Man sitting side faceing the left with his face facing the front. Hands in his lamp resting on eachother wearing black robes with gold trim and a white shirt with a high collar. Dark background.

Jean Wilks, CBE, Hon. LLD, MA (Oxon), FCP ( b. 1917 d. 2014), was educated at North London Collegiate School and Somerville College, Oxford. She was Assistant Mistress of James Allen’s Girls’ School, Dulwich, 1943-51, Head Mistress of Hertfordshire and Essex High School, Bishop’s Stortford, 1951-64, and finally of King Edward VI High School for Girls, Birmingham, 1965-77. Jean Wilks served as President of the Association of Headmistresses from 1972-4. A member of Council from 1971, she was deputy Pro-Chancellor for six years, becoming the first woman Pro-Chancellor, 1985-89.

Norman Hepple, the son of the portrait painter Robert Hepple, was trained at the Royal Academy Schools, and became an official war artist with the National Fire Service during the Second World War. He was much sought after as a portrait painter in the 1970s and 80s, painting royalty, and academic and military subjects. The University of Birmingham commissioned him six times during this period.

Notes:  http://www.telegraph.co.uk/news/obituaries/11039566/Jean-Wilks.html

Jean Wilks, who has died aged 97, was a distinguished headmistress of King Edward VI High School for Girls in Birmingham and one of the great educators of her generation.
Jean Ruth Fraser Wilks was born at Wanstead, Essex, on April 14 1917, one of three children of a prosperous surveyor. Her background included both freethinkers and nonconformist clerics, and as a teenager Jean was a convinced atheist — although she would embrace Christianity at university. A major influence on her was her uncle Mark, who was imprisoned because his wife — a doctor and women’s rights campaigner — would not let him pay her income tax. During his incarceration, a group of suffragettes sang songs under his window to keep up his spirits.
At the liberal North London Collegiate School, Jean excelled at English and History but showed little interest in other subjects. On scoring only six per cent in a physics exam, she and several like-minded friends were placed in a remedial class which included “classical logic”. The subject fascinated her, sharpening her debating skills, and she later introduced it in most of the schools where she taught.

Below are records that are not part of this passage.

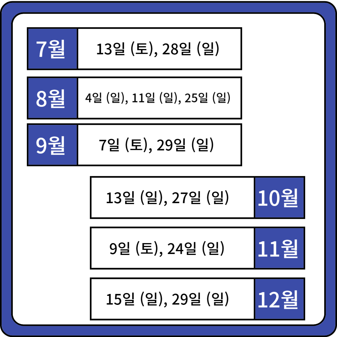 - 8월- 4일 (일), 11일 (일), 25일 (일)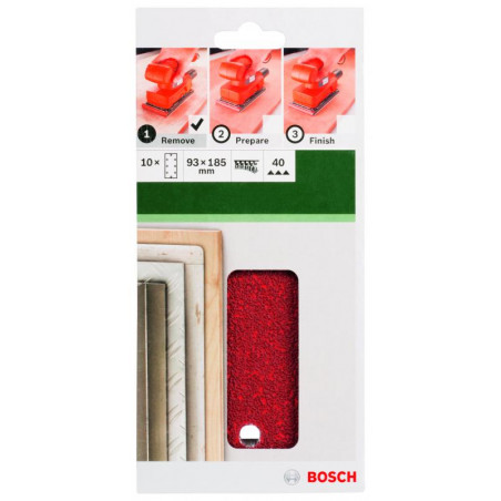 Emballage: 10Marque: BoschRéférence: 2609256A87EAN: 3165140615037Description: PONÇAGE MP (FEUILLE ABRASIVE 93X185 MM, G40, RW, 8 TROUS, VELCRO (10))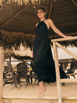 Flowy midi dress. Halter neck and adjustable cordon. In-seam side pockets.
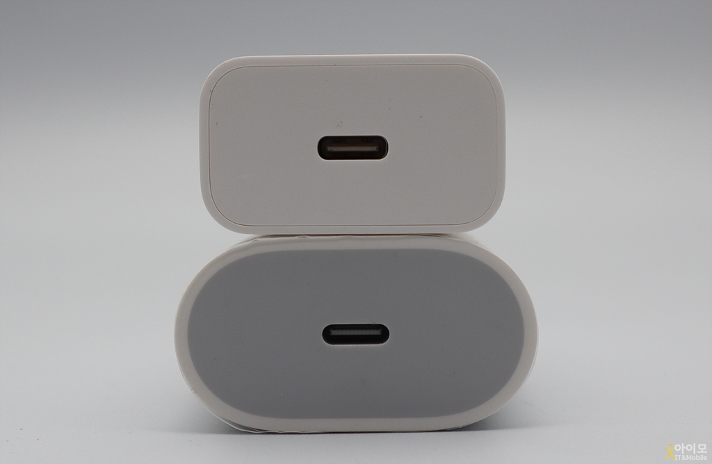 애플 어댑터가 조금 길어 보이지만 220V 플러그 때문으로 보이구요. 비슷한 두께에 라운드 디자인을 가진 애플 어댑터가 폭은 조금 더 넓습니다.

She read English at Somerville College, Oxford, studying Wordsworth under the renowned scholar Helen Darbishire and attending lectures by CS Lewis and JRR Tolkien, who read his students instalments of The Hobbit as he wrote it.
Jean Wilks began her teaching career during the war and recalled that a surprising amount of education could take place with a bible, stub of pencil and scraps of paper in shelters during air raids. After eight years as assistant mistress of James Allen’s Girls’ School, Dulwich, she became headmistress of Hertfordshire and Essex High School, Bishop’s Stortford, from 1951 to 1964, then of the highly academic King Edward VI High School for Girls in Edgbaston for 13 years.
Understanding girls’ expectations of greater freedom and independence, she broadened the sixth form curriculum, introduced more varied extra-curricular activities and broke down the old hierarchies. Out went the structure of Head Girl and prefects as the whole sixth form took on their duties, organised by two small committees. Out too went uniform for the sixth form, leading to some jaw-dropping expressions of individuality over the years, from miniskirts to witchy maxi-dresses.

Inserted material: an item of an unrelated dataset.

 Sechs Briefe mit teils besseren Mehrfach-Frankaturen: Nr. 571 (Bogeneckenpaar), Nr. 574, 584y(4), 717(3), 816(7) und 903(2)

Jean Wilks was determined that able girls from any background should enjoy the privilege of a top-class education. Many, including the actress Lindsay Duncan, the neurology pioneer Professor Anita Harding, the squash champion Sue Cogswell and the journalist and real tennis world champion Sally Jones were educated free under the (state-funded) Direct Grant Scheme during her tenure at King Edward’s.
Although self-contained, scholarly and seemingly austere, Jean Wilks was approachable, enlightened and personally generous. Without being soft or gullible, she believed the best of people and was perceptive enough to recognise talent and intelligence among her more lively and rebellious pupils as well as among the more diligent.